Das beginnt schon früh, als Leitmayr sich von einem nicht ganz aktuellen Navi durch die Straßen Münchens führen lässt und nicht dorthin kommt, wo er hinwill. „Hier sind überall Baustellen. Was ist denn hier los?“, grantelt er beim Scheitern. Das hat Symbolkraft, das steht für die Schwierigkeit, das Ziel nicht aus den Augen zu verlieren und vor allem nicht zu sehr auf irgendwelche Stimmen zu hören.

Dazu kommt die Beton gewordene Kulisse des Polizeipräsidiums, die Tristesse und Bürostaub geradezu zu schwitzen scheinen, aber gerade deshalb einen solch formidablen Hintergrund liefert.
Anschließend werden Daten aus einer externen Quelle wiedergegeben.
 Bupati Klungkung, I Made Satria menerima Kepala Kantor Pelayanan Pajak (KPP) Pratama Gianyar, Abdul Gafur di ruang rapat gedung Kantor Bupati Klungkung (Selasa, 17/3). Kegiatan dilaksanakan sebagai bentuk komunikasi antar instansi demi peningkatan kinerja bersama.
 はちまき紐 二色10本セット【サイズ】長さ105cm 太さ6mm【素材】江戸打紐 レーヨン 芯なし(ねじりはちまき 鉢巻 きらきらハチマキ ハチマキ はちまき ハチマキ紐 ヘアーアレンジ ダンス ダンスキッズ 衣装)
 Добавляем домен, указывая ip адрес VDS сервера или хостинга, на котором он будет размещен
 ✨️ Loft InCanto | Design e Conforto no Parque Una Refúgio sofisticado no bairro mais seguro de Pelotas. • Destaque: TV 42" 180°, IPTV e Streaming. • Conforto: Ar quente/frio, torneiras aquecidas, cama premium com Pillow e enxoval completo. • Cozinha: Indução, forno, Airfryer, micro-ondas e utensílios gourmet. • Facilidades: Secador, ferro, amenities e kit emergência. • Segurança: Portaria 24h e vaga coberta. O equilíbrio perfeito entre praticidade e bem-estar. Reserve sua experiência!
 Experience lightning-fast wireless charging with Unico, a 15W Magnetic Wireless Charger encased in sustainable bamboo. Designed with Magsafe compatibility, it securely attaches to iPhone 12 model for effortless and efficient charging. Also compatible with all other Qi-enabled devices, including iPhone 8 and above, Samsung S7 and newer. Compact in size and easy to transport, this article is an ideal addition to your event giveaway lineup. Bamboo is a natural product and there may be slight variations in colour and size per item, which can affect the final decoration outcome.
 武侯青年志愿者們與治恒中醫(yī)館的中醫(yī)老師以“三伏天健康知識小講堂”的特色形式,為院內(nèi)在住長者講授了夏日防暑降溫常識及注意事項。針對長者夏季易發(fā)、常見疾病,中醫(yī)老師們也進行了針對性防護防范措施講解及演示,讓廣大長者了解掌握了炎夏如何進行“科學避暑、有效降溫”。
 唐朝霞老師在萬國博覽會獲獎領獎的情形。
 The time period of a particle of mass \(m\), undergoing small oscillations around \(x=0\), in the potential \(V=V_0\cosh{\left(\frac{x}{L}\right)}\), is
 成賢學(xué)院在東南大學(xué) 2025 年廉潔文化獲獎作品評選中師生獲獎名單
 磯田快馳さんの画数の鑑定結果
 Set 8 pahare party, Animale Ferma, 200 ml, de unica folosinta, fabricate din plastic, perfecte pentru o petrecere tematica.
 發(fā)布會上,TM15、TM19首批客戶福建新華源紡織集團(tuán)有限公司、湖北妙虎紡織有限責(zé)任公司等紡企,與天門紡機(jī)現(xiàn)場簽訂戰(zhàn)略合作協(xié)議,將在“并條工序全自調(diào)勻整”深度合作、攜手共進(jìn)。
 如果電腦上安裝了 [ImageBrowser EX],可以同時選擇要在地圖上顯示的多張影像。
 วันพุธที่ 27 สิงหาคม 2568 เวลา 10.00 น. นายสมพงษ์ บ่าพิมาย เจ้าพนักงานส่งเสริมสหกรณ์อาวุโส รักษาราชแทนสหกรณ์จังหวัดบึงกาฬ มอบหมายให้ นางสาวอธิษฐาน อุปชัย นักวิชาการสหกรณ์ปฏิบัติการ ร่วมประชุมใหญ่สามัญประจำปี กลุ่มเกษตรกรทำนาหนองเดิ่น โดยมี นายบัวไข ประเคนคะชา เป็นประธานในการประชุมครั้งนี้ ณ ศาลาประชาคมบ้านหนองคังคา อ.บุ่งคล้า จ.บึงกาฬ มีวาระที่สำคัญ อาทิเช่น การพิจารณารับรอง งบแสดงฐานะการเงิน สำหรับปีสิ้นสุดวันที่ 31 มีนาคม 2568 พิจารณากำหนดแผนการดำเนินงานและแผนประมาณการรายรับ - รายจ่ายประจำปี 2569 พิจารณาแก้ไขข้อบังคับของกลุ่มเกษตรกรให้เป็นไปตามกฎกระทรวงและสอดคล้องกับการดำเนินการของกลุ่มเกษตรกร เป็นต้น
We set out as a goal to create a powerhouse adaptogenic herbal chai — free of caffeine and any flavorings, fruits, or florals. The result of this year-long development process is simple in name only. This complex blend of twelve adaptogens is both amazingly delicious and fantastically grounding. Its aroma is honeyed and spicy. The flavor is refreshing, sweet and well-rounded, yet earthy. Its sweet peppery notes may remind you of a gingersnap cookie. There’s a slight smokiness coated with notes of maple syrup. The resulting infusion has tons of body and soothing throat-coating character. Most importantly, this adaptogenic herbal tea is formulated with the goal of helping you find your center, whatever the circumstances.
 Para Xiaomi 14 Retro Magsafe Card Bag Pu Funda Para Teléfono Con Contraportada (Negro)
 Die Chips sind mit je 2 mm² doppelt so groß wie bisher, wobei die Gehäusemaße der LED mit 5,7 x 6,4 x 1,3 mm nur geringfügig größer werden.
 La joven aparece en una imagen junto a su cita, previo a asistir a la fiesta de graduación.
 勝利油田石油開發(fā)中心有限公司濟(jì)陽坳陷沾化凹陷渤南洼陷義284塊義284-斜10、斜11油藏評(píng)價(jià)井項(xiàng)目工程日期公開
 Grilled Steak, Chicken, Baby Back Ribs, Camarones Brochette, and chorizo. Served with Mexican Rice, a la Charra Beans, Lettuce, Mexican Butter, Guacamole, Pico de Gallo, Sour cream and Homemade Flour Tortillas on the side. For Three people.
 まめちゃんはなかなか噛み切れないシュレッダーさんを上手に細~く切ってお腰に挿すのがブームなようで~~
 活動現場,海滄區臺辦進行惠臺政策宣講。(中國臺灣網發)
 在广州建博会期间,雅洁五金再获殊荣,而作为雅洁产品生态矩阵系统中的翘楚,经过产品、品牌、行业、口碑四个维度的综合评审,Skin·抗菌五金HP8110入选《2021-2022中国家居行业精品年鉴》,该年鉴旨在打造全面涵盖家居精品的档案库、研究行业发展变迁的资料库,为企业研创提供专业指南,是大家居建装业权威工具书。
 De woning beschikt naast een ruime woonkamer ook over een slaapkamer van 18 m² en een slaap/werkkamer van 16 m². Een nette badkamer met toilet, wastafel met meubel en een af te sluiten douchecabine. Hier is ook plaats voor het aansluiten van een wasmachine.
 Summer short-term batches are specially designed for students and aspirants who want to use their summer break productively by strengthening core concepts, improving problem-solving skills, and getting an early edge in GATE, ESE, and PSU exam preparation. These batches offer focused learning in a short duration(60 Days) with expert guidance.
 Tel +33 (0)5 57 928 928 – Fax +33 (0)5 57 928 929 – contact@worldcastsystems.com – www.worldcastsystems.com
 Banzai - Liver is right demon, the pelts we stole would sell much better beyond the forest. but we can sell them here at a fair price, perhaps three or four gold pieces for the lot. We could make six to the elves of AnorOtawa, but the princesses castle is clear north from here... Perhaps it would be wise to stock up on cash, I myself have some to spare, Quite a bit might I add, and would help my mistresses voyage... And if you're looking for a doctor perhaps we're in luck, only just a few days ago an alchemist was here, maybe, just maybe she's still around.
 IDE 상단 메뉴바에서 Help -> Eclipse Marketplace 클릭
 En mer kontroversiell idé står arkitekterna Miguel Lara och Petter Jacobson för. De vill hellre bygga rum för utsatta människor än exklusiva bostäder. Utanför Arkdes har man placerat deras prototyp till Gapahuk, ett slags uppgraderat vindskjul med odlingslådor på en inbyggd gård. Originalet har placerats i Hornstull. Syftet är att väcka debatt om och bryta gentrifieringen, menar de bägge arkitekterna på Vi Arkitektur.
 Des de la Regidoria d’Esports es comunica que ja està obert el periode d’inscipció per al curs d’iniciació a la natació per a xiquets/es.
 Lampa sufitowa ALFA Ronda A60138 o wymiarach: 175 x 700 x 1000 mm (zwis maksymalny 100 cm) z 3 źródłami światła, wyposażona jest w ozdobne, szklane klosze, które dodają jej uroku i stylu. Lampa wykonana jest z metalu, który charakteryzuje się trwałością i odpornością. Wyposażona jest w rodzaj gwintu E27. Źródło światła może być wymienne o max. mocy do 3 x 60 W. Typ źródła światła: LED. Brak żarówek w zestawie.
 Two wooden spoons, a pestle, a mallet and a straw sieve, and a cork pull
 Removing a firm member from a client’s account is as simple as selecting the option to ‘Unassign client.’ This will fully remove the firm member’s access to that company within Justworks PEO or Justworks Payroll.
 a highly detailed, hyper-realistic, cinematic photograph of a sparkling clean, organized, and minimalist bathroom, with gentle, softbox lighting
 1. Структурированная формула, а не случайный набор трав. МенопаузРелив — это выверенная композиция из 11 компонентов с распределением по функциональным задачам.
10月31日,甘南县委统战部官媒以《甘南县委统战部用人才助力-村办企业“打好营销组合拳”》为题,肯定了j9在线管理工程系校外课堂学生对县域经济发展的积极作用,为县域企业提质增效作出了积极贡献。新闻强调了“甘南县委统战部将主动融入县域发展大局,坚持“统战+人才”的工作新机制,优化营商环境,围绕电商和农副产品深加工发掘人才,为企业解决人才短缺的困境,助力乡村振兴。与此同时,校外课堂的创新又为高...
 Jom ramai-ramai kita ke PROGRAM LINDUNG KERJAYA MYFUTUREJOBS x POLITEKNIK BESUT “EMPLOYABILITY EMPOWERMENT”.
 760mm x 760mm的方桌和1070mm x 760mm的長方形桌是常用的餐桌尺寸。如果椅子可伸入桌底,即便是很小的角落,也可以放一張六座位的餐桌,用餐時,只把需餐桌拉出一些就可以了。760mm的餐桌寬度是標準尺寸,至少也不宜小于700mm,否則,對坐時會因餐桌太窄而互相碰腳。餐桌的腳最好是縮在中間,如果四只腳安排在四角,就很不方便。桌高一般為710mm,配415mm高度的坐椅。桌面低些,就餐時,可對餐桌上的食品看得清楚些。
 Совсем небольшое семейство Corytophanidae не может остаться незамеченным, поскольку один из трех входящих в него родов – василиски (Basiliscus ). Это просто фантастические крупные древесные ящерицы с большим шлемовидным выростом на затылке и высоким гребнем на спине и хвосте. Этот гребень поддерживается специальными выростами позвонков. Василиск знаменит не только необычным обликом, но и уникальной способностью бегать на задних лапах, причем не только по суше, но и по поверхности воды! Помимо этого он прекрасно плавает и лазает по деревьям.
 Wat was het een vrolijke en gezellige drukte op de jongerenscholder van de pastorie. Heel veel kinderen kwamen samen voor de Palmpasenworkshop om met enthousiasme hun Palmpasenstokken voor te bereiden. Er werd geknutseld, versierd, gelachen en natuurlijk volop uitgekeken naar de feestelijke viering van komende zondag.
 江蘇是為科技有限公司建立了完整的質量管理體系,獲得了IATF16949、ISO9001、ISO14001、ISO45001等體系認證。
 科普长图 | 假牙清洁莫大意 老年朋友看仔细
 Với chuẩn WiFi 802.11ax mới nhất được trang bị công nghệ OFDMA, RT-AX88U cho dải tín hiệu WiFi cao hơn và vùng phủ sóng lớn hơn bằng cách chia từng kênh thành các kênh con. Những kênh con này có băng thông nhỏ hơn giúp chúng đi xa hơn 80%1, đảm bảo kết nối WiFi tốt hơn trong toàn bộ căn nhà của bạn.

Dominik Graf fährt ohnehin schwer was auf bei diesem Film nach einem Buch von Bernd Schwamm. Die Bilder blitzen nur so vorbei. Hier ein hektischer Zoom, dort ein Zeitraffer, abrupte Schnitte dazwischen. Jedem anderen hätte man solch eine Inszenierungsidee um die Ohren geschlagen und das Drehbuch als überladen zur erneuten Bearbeitung zurückgeben. Nicht bei Graf. Bei dem kann man darauf vertrauen, dass etwas wird, dass die übermächtige Bildsprache schon ihren Sinn offenbart. Viel mehr muss man dazu nicht wissen. Der Rest ist die wunderbare Erkenntnis, dass richtig gutes Fernsehen in Deutschland noch geht. Sogar am Sonntagabend.